NIR-II/NIR-I Fluorescence Molecular Tomography of Heterogeneous Mice Based on Gaussian Weighted Neighborhood Fused Lasso Method

• Published in: IEEE transactions on medical imaging Vol. 39; no. 6; pp. 2213 - 2222
• Main Authors: Cai, Meishan, Zhang, Zeyu, Shi, Xiaojing, Hu, Zhenhua, Tian, Jie
• Format: Journal Article
• Language: English
• Published: United States IEEE 01.06.2020; The Institute of Electrical and Electronics Engineers, Inc. (IEEE)

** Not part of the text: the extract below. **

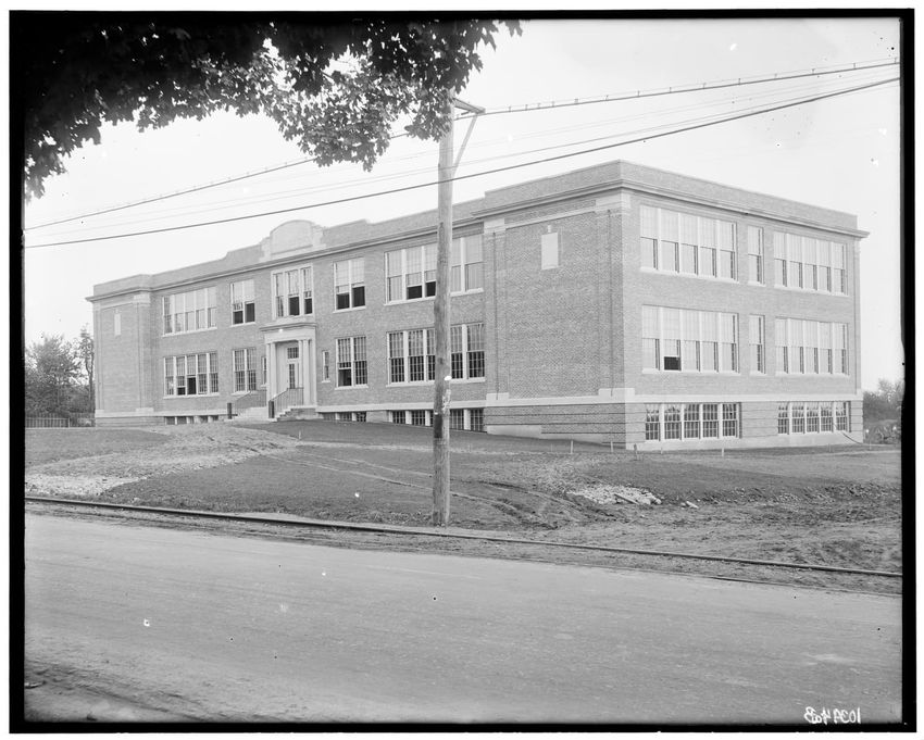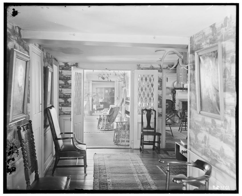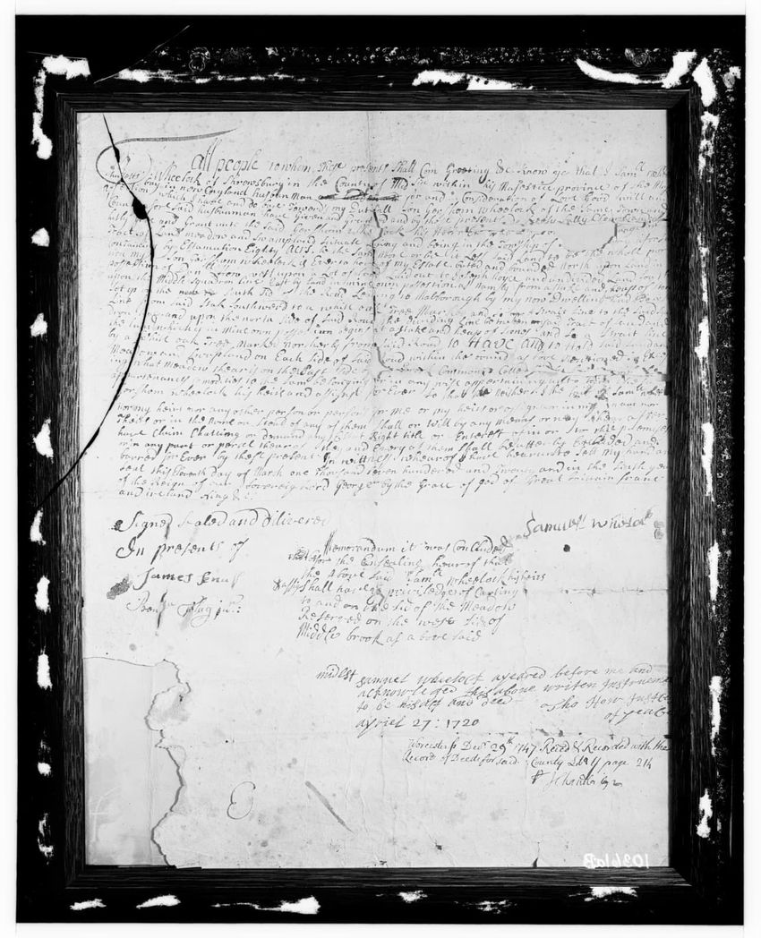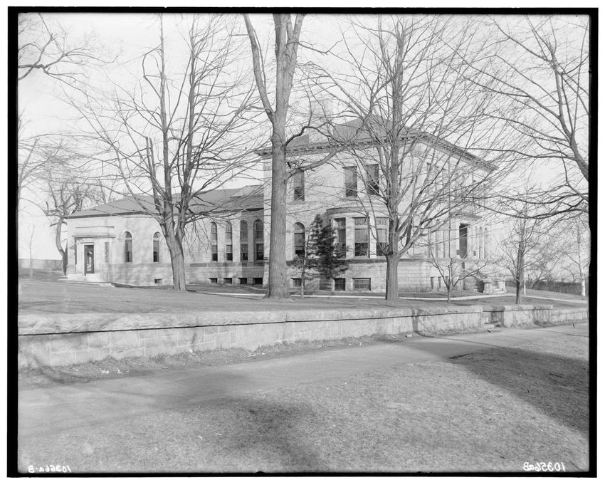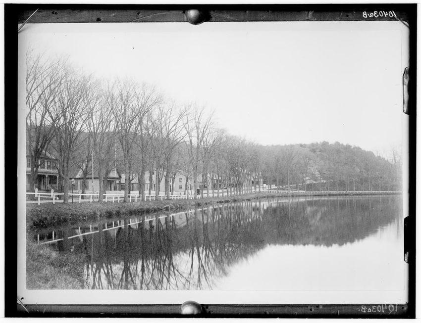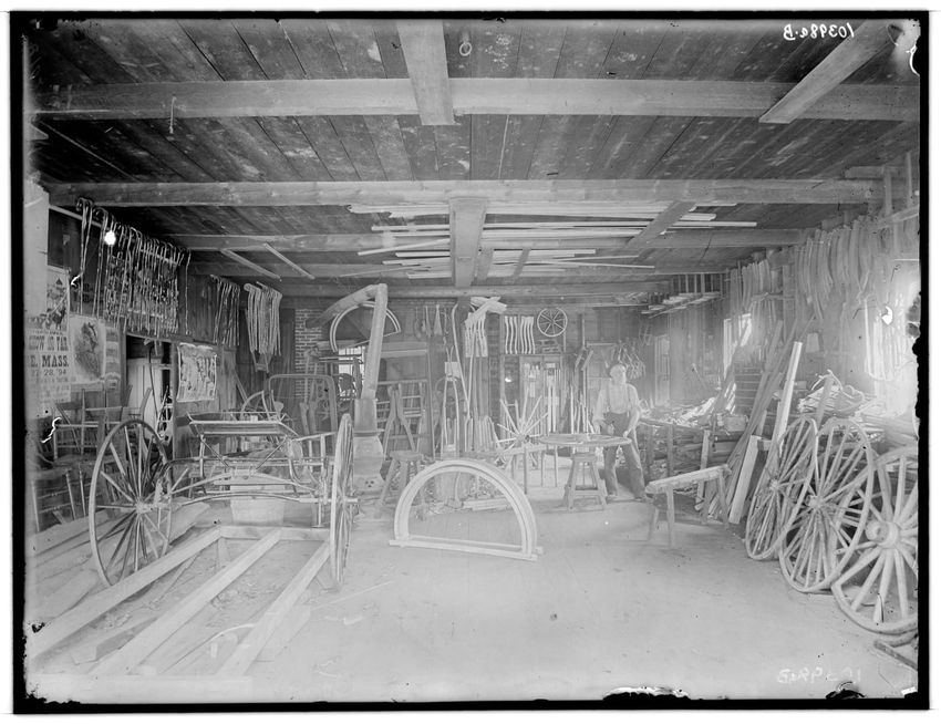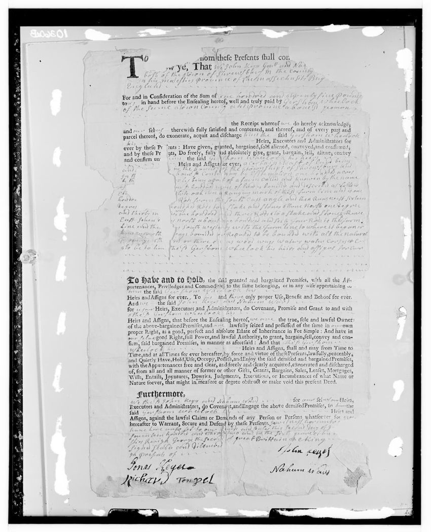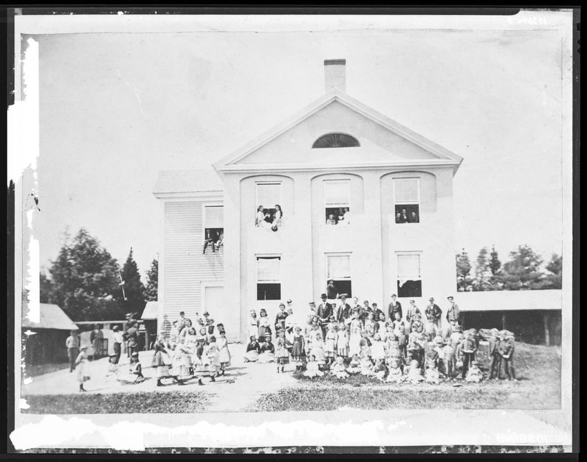 The image depicts a rural landscape at Gates Farm on High Street in Shrewsbury, Massachusetts. In the foreground, there is a field with scattered rocks and stone walls. Trees and shrubs, some of which are in bloom, are visible. In the background, a barn and a few additional structures, including a h...

• Subjects: Accuracy; Algorithms; Biomarkers; Biomedical materials; Biomedical optical imaging; Computer simulation; Fluorescence; Fluorescence molecular tomography; GWNFL method; I.R. radiation; Image reconstruction; Imaging techniques; In vivo; In vivo methods and tests; Infrared windows; Inverse problems; Light scattering; Lymph nodes; Mathematical models; Molecular imaging; Near infrared radiation; NIR-I; NIR-II; Optical properties; Optical scattering; Reconstruction; Tomography
• ISSN: 0278-0062; 1558-254X; 1558-254X
• DOI: 10.1109/TMI.2020.2964853

Fluorescence molecular tomography (FMT), which can visualize the distribution of fluorescence biomarkers, has become a novel three-dimensional noninvasive imaging technique for in vivo studies such as tumor detection and lymph node location. However, it remains a challenging problem to achieve satisfactory reconstruction performance of conventional FMT in the first near-infrared window (NIR-I, 700-900nm) because of the severe scattering of NIR-I light. In this study, a promising FMT method for heterogeneous mice was proposed to improve the reconstruction accuracy using the second near-infrared window (NIR-II, 1000-1700nm), where the light scattering significantly reduced compared with NIR-I. The optical properties of NIR-II were analyzed to construct the forward model for NIR-II FMT. Furthermore, to raise the accuracy of solution of the inverse problem, we proposed a novel Gaussian weighted neighborhood fused Lasso (GWNFL) method. Numerical simulation was performed to demonstrate the outperformance of GWNFL compared with other algorithms. Besides, a novel NIR-II/NIR-I dual-modality FMT system was developed to contrast the in vivo reconstruction performance between NIR-II FMT and NIR-I FMT. To compare the reconstruction performance of NIR-II FMT with traditional NIR-I FMT, numerical simulations and in vivo experiments were conducted. Both the simulation and in vivo results showed that NIR-II FMT outperformed NIR-I FMT in terms of location accuracy and spatial overlap index. It is believed that this study could promote the development and biomedical application of NIR-II FMT in the future.